An analytical model is simply a mathematical equation that describes relationships among variables in a historical data set. The equation either estimates or classifies data values. In essence, a model draws a "line" through a set of data points that can be used to predict outcomes. For example, a linear regression draws a straight line through data points on a scatterplot that shows the impact of advertising spend on sales for various ad campaigns. The model's formula--in this case, "Sales=17.813 + (.0897* advertising spend)"-- enables executives to accurately estimate sales if they spend a specific amount on advertising. (See figure 1.)
Algorithms that create analytical models (or equations) come in all shapes and sizes. Classification algorithms, such as neural networks, decision trees, clustering, and logistic regression, use a variety of techniques to create formulas that segregate data values into groups. Online retailers often use these algorithms to create target market segments or determine which products to recommend to buyers based on their past and current purchases. (See figure 2.)
Trusting Models. Unfortunately, some models are more opaque than others; that is, it's hard to understand the logic the model used to identify relevant patterns and relationships in the data. The problem with these "black box" models is that business people often have a hard time trusting them until they see quantitative results, such as reduced costs or higher revenues. Getting business users to understand and trust the output of analytical models is perhaps the biggest challenge in data mining.
To earn trust, analytical models have to validate a business person's intuitive understanding of how the business operates. In reality, most models don't uncover brand new insights; rather they unearth relationships that people understand as true but aren't looking at or acting upon. The models simply refocus people's attention on what is important and true and dispel assumptions (whether conscious or unconscious) that aren't valid.
Given the power of analytical models, it's important that analytical modelers take a disciplined approach. Analytical modelers need to adhere to a methodology to work productively and generate accurate models. The modeling process consists of six distinct tasks:
- Define the project
- Explore the data
- Prepare the data
- Create the model
- Deploy the model
- Manage the model
Interestingly, preparing the data is the most time-consuming part of the process, and if not done right, can torpedo the analytical model and project. "[Data preparation] can easily be the difference between success and failure, between usable insights and incomprehensible murk, between worthwhile predictions and useless guesses," writes Dorian Pyle in his book, "Data Preparation for Data Mining."
Figure 3 shows a breakdown of the time required for each of these six steps. Data preparation consumes one-quarter (25%) of an analytical modeler's time, followed by model creation (23%), data exploration (18%), project definition (13%), scoring and deployment (12%), and model management (9%). Thus, almost half of an analytical modelers' time (43%) is spent exploring and preparing data, although this varies based on the condition and availability of data. Analytical modelers are like house painters who must spend lots of time preparing a paint surface to ensure a long-lasting paint finish.

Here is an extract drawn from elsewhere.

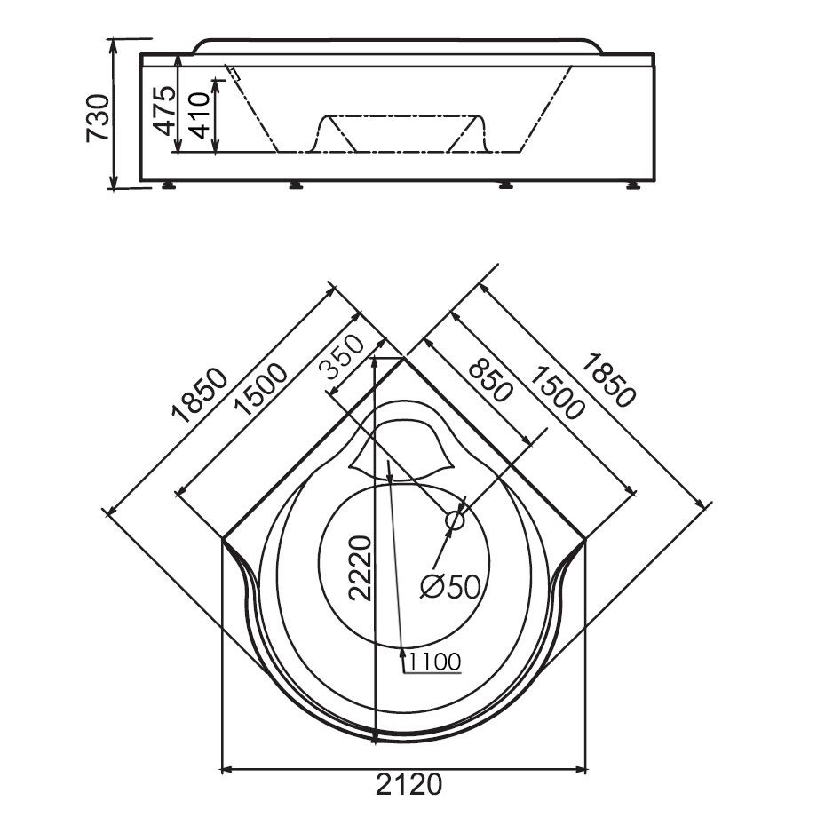 Акриловая ванна Gemy G9088 B с гидромассажем

Figure 3. Analytical Modeling Tasks
From Wayne Eckerson, "Predictive Analytics: Extending the Value of Your Data Warehousing Investment," 2007. Based on 166 respondents who have a predictive modeling practice.

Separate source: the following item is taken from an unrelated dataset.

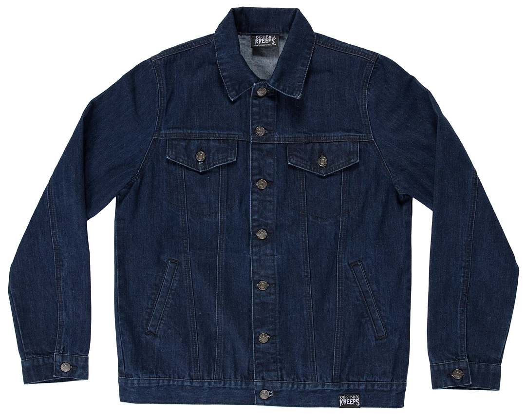 Our popular Kustom Kreeps Jacket now comes in blue denim. It has a slim fit, customized Kustom Kreeps buttons, and is the perfect background for all of your patches and pins.

Project Definition. Although defining an analytical project doesn't take as long as some of the other steps, it's the most critical task in the process. Modelers that don't know explicitly what they're trying to accomplish won't be able to create useful analytical models. Thus, before they start, good analytical modelers spend a lot of time defining objectives, impact, and scope.
Project objectives consist of the assumptions or hypotheses that a model will evaluate. Often, it helps to brainstorm hypotheses and then prioritize them based on business requirements. Project impact defines the model output (e.g., a report, a chart, or scoring program), how the business will use that output (e.g., embedded in a daily sales report or operational application or used in strategic planning), and the projected return on investment. Project scope defines who, what, where, when, why, and how of the project, including timelines and staff assignments.
For example, a project objective might be: "Reduce the amount of false positives when scanning credit card transactions for fraud." While the output might be: "A computer model capable of running on a server and measuring 7,000 transaction per minute, scoring each with probability and confidence, and routing transactions above a certain threshold to an operator for manual intervention."
Data Exploration. Data exploration or data discovery involves sifting through various sources of data to find the data sets that best fit the project. During this phase, the analytical modeler will document each potential data set with the following items:
- Access methods: Source systems, data interfaces, machine formats (e.g. ASCII or EBCDIC), access rights, and data availability.
- Data characteristics: Field names, field lengths, content, format, granularity and statistics (e.g. counts, mean, mode, median, and min/max values)
- Business rules: Referential integrity rules, defaults, other business rules
- Data pollution: Data entry errors, misused fields, bogus data
- Data completeness: Empty or missing values, sparsity
- Data consistency: Labels and definitions
Typically, an analytical modeler will compile all this information into a document and use it to help prioritize which data sets to use for which variables. (See figure 4.) A data warehouse with well documented metadata can greatly accelerate the data exploration phase because it also maintains much of this information. However, analytical modelers often want to explore external data and other data sets that don't exist in the data warehouse and must compile this information manually.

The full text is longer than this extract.